Siamo in stagione di olive ed io, per guardare nella sfera di cristallo, mi rivolgo (come di consueto) all'amico Luigi Caricato, direttore di OlioOfficina, intellettuale ben prestato all'olio e, per me, vate assoluto del settore. Luigi è cauto.

 

Il mercato mondiale è condizionato dalla produzione spagnola e in Spagna le raccolte sono ancora in corso. Le previsioni sono tuttavia molto ottimistiche e sembra confermarsi il dato di 1,3 milioni di tonnellate di olio precedentemente ventilato.

 

In Italia il problema sembra essere le basse rese, frequentemente attorno al 9% - le piogge durante la raccolta certamente non aiutano. La produzione italiana di olio nel 2024, a seconda delle stime, si dovrebbe quindi assestare fra le 200 e le 215mila tonnellate, con un calo rilevante rispetto alle annate precedenti (circa 290mila tonnellate nel 2023, 240mila nel 2022).

Geograficamente si nota che le regioni del Nord avranno buone produzioni, risultati spesso positivi anche nel centro della penisola – nel Sud i risultati sono invece più deludenti.

 

In Italia si nota quindi una certa propensione all'accaparramento, con prezzi delle olive in tendenziale aumento: si parte da 90 euro per arrivare a 120/130 euro a quintale, a seconda delle aree e della qualità.
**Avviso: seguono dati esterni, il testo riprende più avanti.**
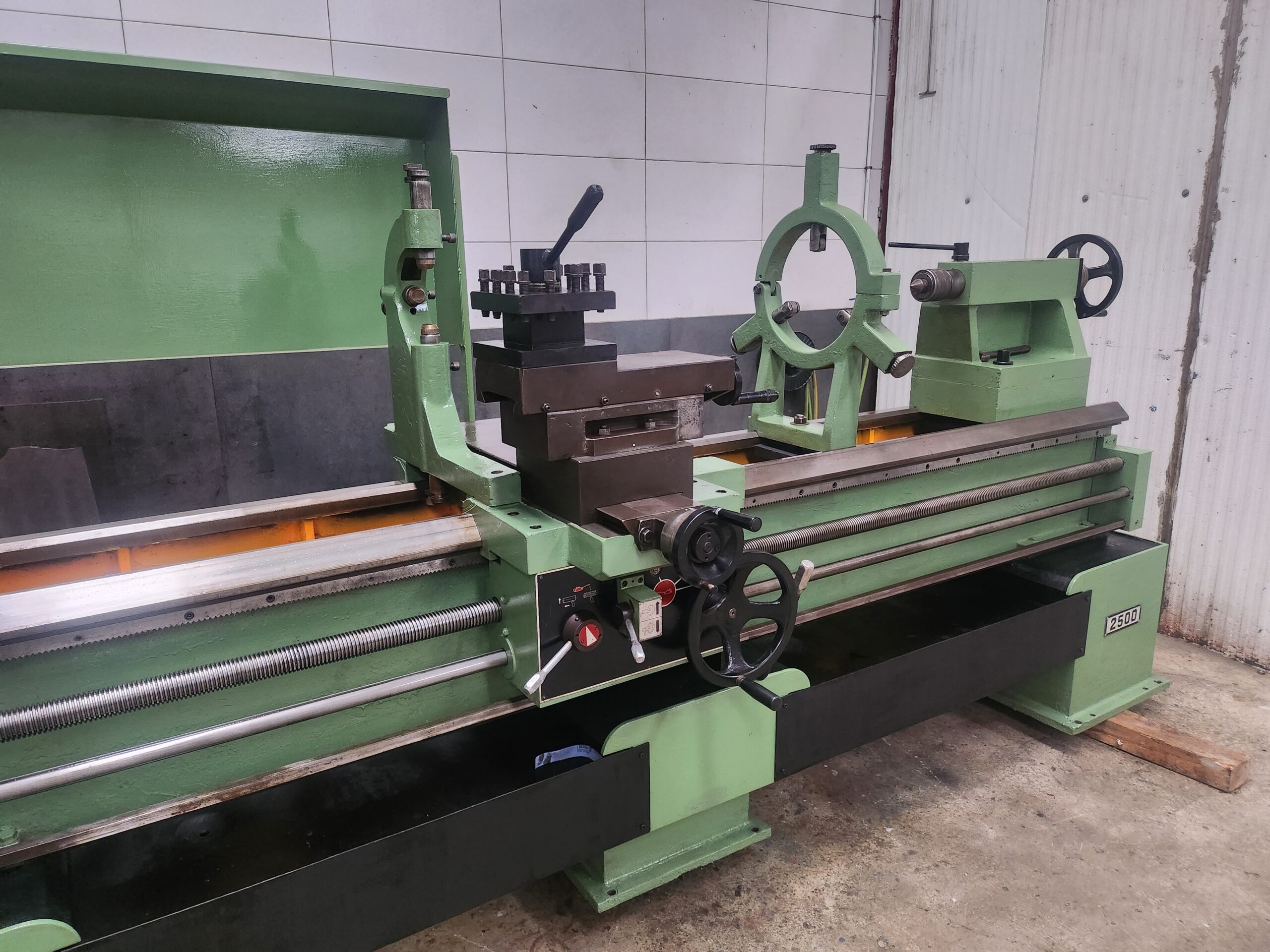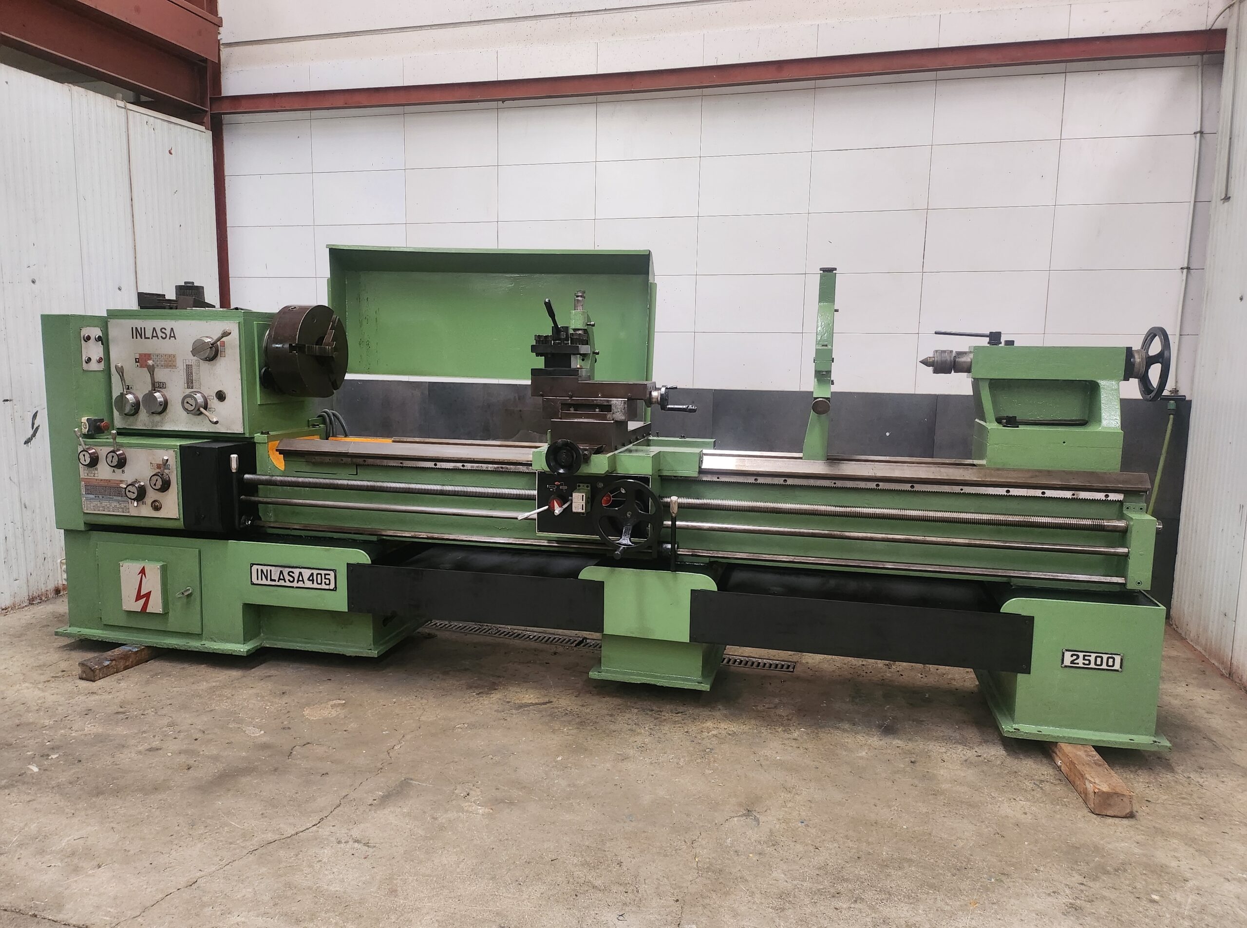 Torno paralelo marca INLASA mod. 405 Distancia entre puntos: 2.500mm Volteo sobre bancada: 810mm Agujero de la caña: 80mm Plato de 3 garras autocentrante de 400mm de diametro. Equipado con luneta fija y luneta movil y juego de piñones para roscar.

Si tratta di un dato positivo per i produttori, che tiene conto sia della scarsa produzione che delle scorte degli oleifici, oramai ridotte al lumicino e spesso di bassa qualità.

 

Caricato raccomanda sempre una maggiore compattezza della filiera, facendo notare che in Italia il consumo domestico di extravergine ha tenuto negli scorsi anni nonostante i prezzi elevati - questo a differenza della Spagna dove i consumatori hanno spostato gli acquisti sull'olio di oliva e addirittura su quello di sansa.

Ma le filiere in Italia, si sa, sono di difficile organizzazione: quello dell'olio è un settore che attende da tempo una modernizzazione, un evento che oggi più che mai appare vitale per la sua sopravvivenza nel Bel Paese.